As of September 30, 2018 there were no shares of Preferred Stock issued or outstanding and 24,848,000 shares of Common Stock issued and outstanding.
NOTE 14 - INCOME TAXES
The Tax Cuts and Jobs Acts (the “Act”) was enacted on December 22, 2017. The Act reduces the U.S. federal corporate income tax rate from 35% to 21%. ASC 740, “Income Taxes”, requires that effects of changes in tax rates to be recognized in the period enacted. Recognizing the late enactment of the Act and complexity of accurately accounting for its impact, the Securities and Exchange Commission in SAB 118 provides guidance that allows registrants to provide a reasonable estimate of the Act in their financial statements and adjust the reported impact in a measurement period not to exceed one year. The Company has not completed its accounting for the tax effects of the Act; however, a reasonable estimate was made to measure tax liabilities based on the rates at which they are expected to reverse in the future as a result of the reduction on the federal tax rate, and the Company has estimated no tax liability as of December 31, 2017 due to operating losses.

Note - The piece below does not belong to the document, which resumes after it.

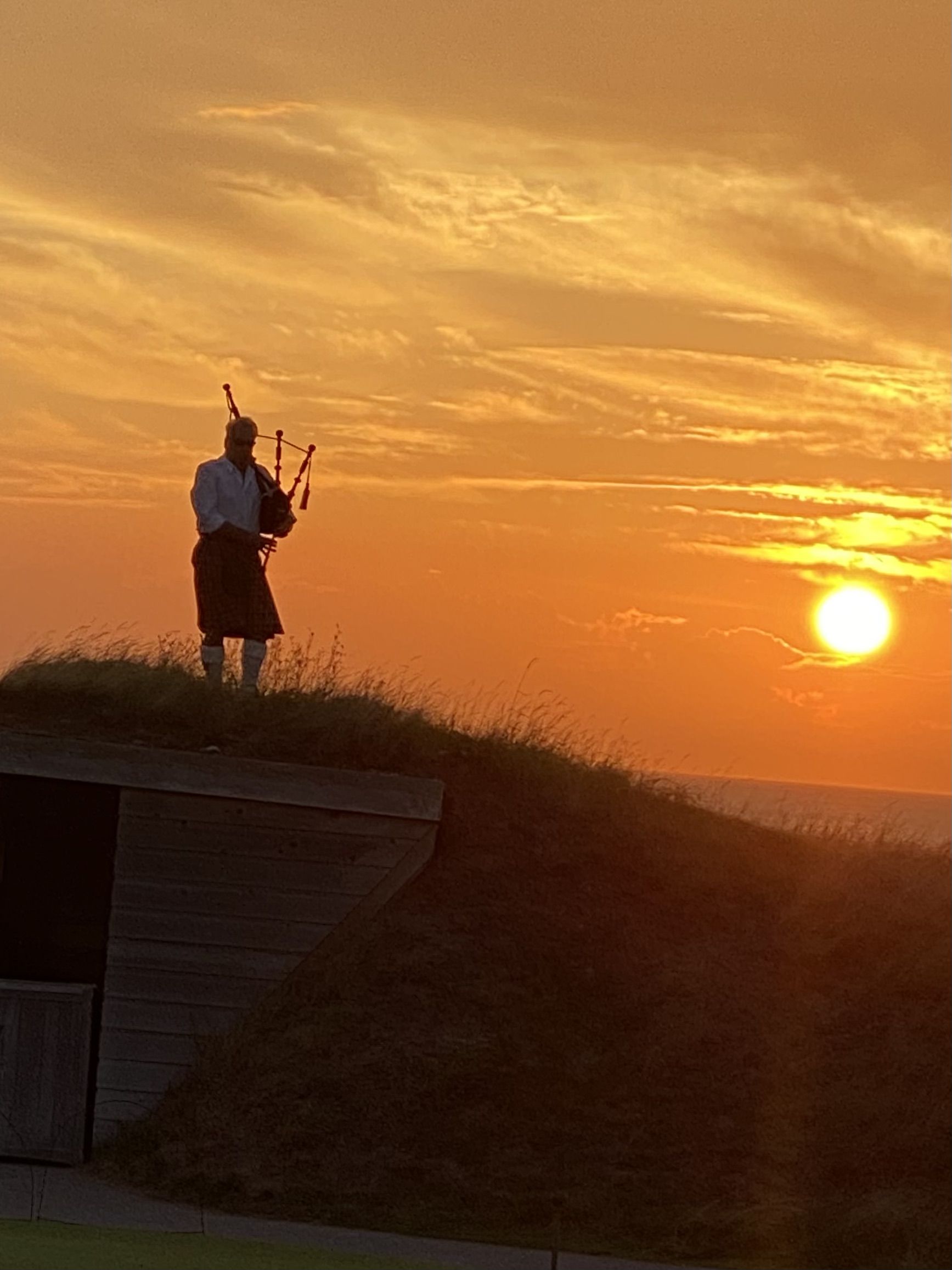Ian McKinnon, acclaimed Nova Scotian highland bagpiper and innovator in modern Celtic music (ianmckinnon.ca), performs at Cabot Cape Breton sunset.

The Company has adopted the provisions of ASC 740-10-25, which provides recognition criteria and a related measurement model for uncertain tax positions taken or expected to be taken in income tax returns. ASC 740-10-25 requires that a position taken or expected to be taken in a tax return be recognized in the financial statements when it is more likely than not that the position would be sustained upon examination by tax authorities. Tax position that meet the more likely than not threshold are then measured using a probability weighted approach recognizing the largest amount of tax benefit that is greater than 50% likely of being realized upon ultimate settlement. The Company had no tax positions relating to open income tax returns that were considered to be uncertain The Company determined the valuation allowances are established when management determines is more likely than not that some portion or all of the deferred tax asset will not be realized. The Company had no tax provisions as of September 30, 2018 and December 31, 2017. The Company had a net loss during the quarter ended September 30, 2018, resulting in no tax liability incurred in the current quarter. All tax assets are fully reserved based on management’s estimates.
NOTE 15 – WARRANTS
The Company issued one round of warrants related to a debt transaction that were issued on April 19, 2018. These were valued on this date per the signed agreements and issuance on April 19, 2018. The Company accounts for its warrants issued in accordance with the US GAAP accounting guidance under ASC 480. We estimated the fair value of these warrants at the respective balance sheet dates using the Black-Scholes option pricing based on the estimated market value of the underlying common stock at the valuation measurement date of $1.00, the remaining contractual term of the warrant of 5 years, risk-free interest rate of 2.75% and expected volatility of the price of the underlying common stock of 100%. There is a moderate degree of subjectivity involved when using option pricing models to estimate the warrants and the assumptions used in the Black-Scholes option-pricing model are moderately judgmental.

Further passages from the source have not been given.